_What is being asked:_
Exactly the lines from the one with "Incidente a Vichy, Arthur" through the end of the data below must be set down, and no pictures with them.

_Source data:_
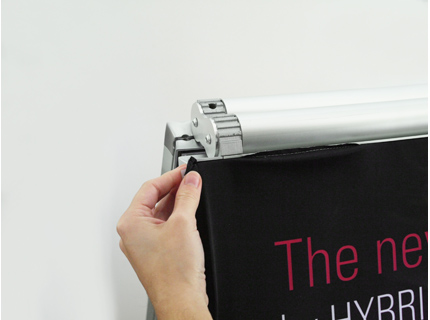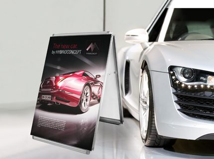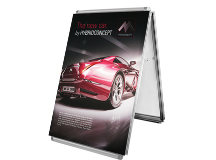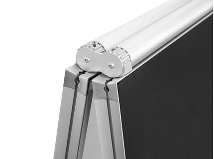 Ein toller Kundenstopper für textile Banner: Das Maxiboard lässt sich aufklappen, die textilen Banner mit Flachkedersystem können jederzeit schnell gewächselt werden. Alle Teile sind aus hochwertigem silber-eloxiertem Aluminium bzw. Spritzguss aus Metall und Kunststoff.
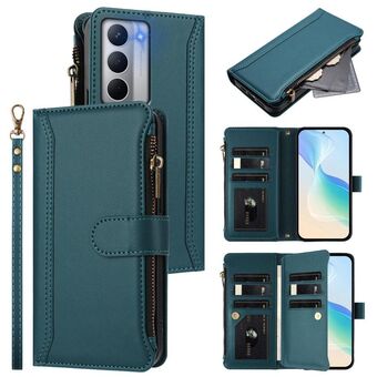For Realme Narzo 80 Pro Magnetic Closure 9 Card Slots Zipper Leather Case with Hand Strap(Mint Green)
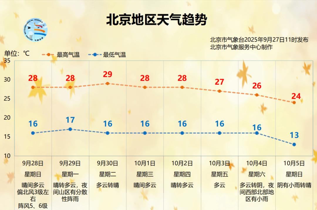 28 日夜间:晴间多云;偏北风 2、3 级;平原地区最低气温 16℃,山区最低气温 12~14℃。
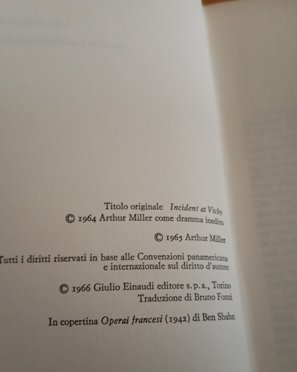 Incidente a Vichy, Arthur Miller, Einaudi Teatro, 1966
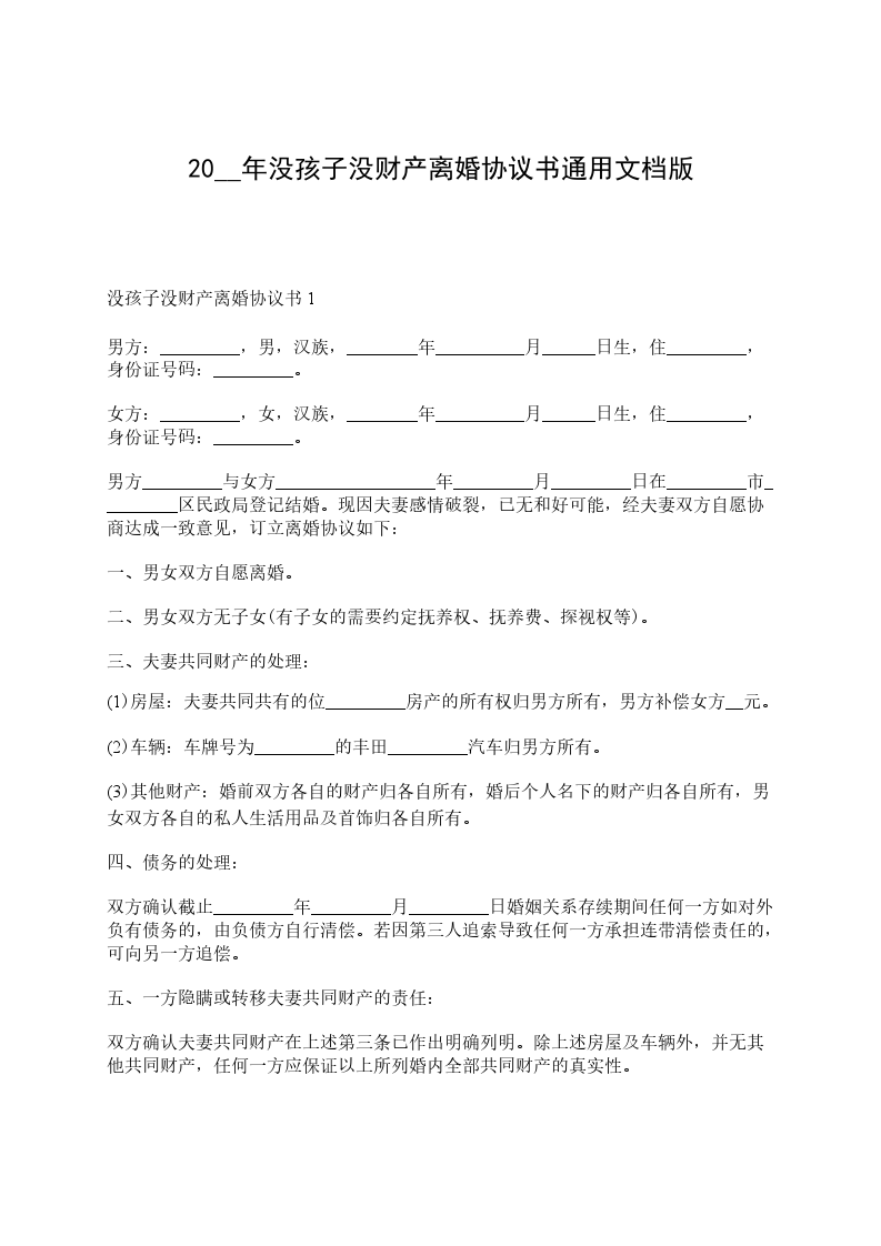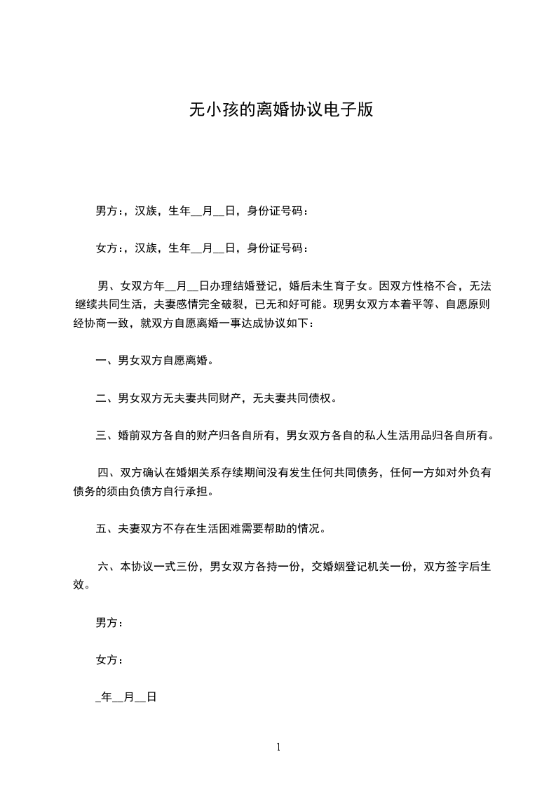 协议人双方_____年_____月_____日在_____市_____区民政局办理了结婚登记手续,现在因双方性格不合确无法共同生活,夫妻感情已完全的破裂,现双方就自愿离婚一事达成一致协议:
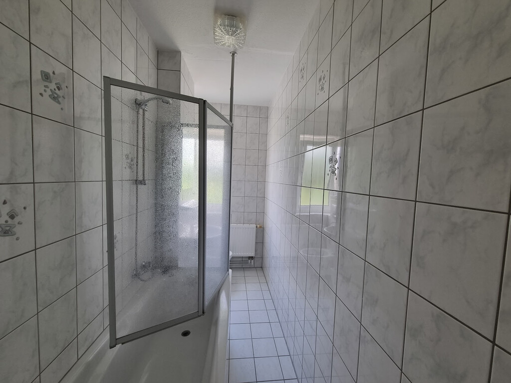 - Weiße Boden- und weiße Wandfliesen im Bad
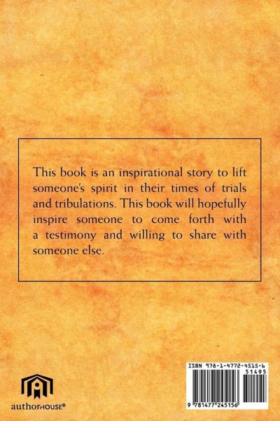 This book is an inspirational story to lift someone's spirit in their times of trials and tribulations. This book will hopefully inspire someone to come forth with a testimony and willing to share with someone else.
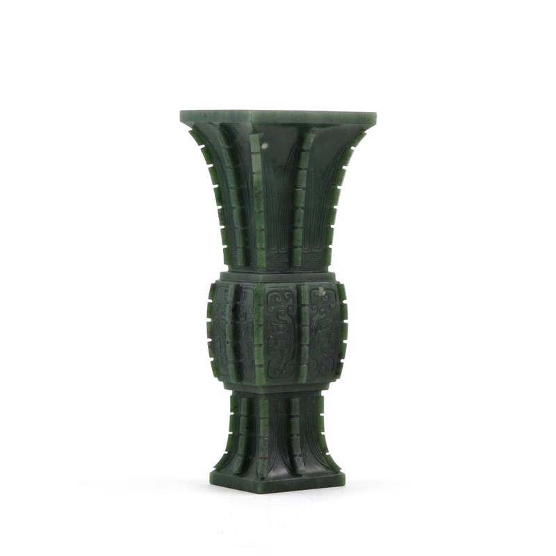 *A good Chinese spinach-green jade archaistic vase fang-gu 18th century

_Output for this task:_
 Incidente a Vichy, Arthur Miller, Einaudi Teatro, 1966
 协议人双方_____年_____月_____日在_____市_____区民政局办理了结婚登记手续,现在因双方性格不合确无法共同生活,夫妻感情已完全的破裂,现双方就自愿离婚一事达成一致协议:
 - Weiße Boden- und weiße Wandfliesen im Bad
 This book is an inspirational story to lift someone's spirit in their times of trials and tribulations. This book will hopefully inspire someone to come forth with a testimony and willing to share with someone else.
 *A good Chinese spinach-green jade archaistic vase fang-gu 18th century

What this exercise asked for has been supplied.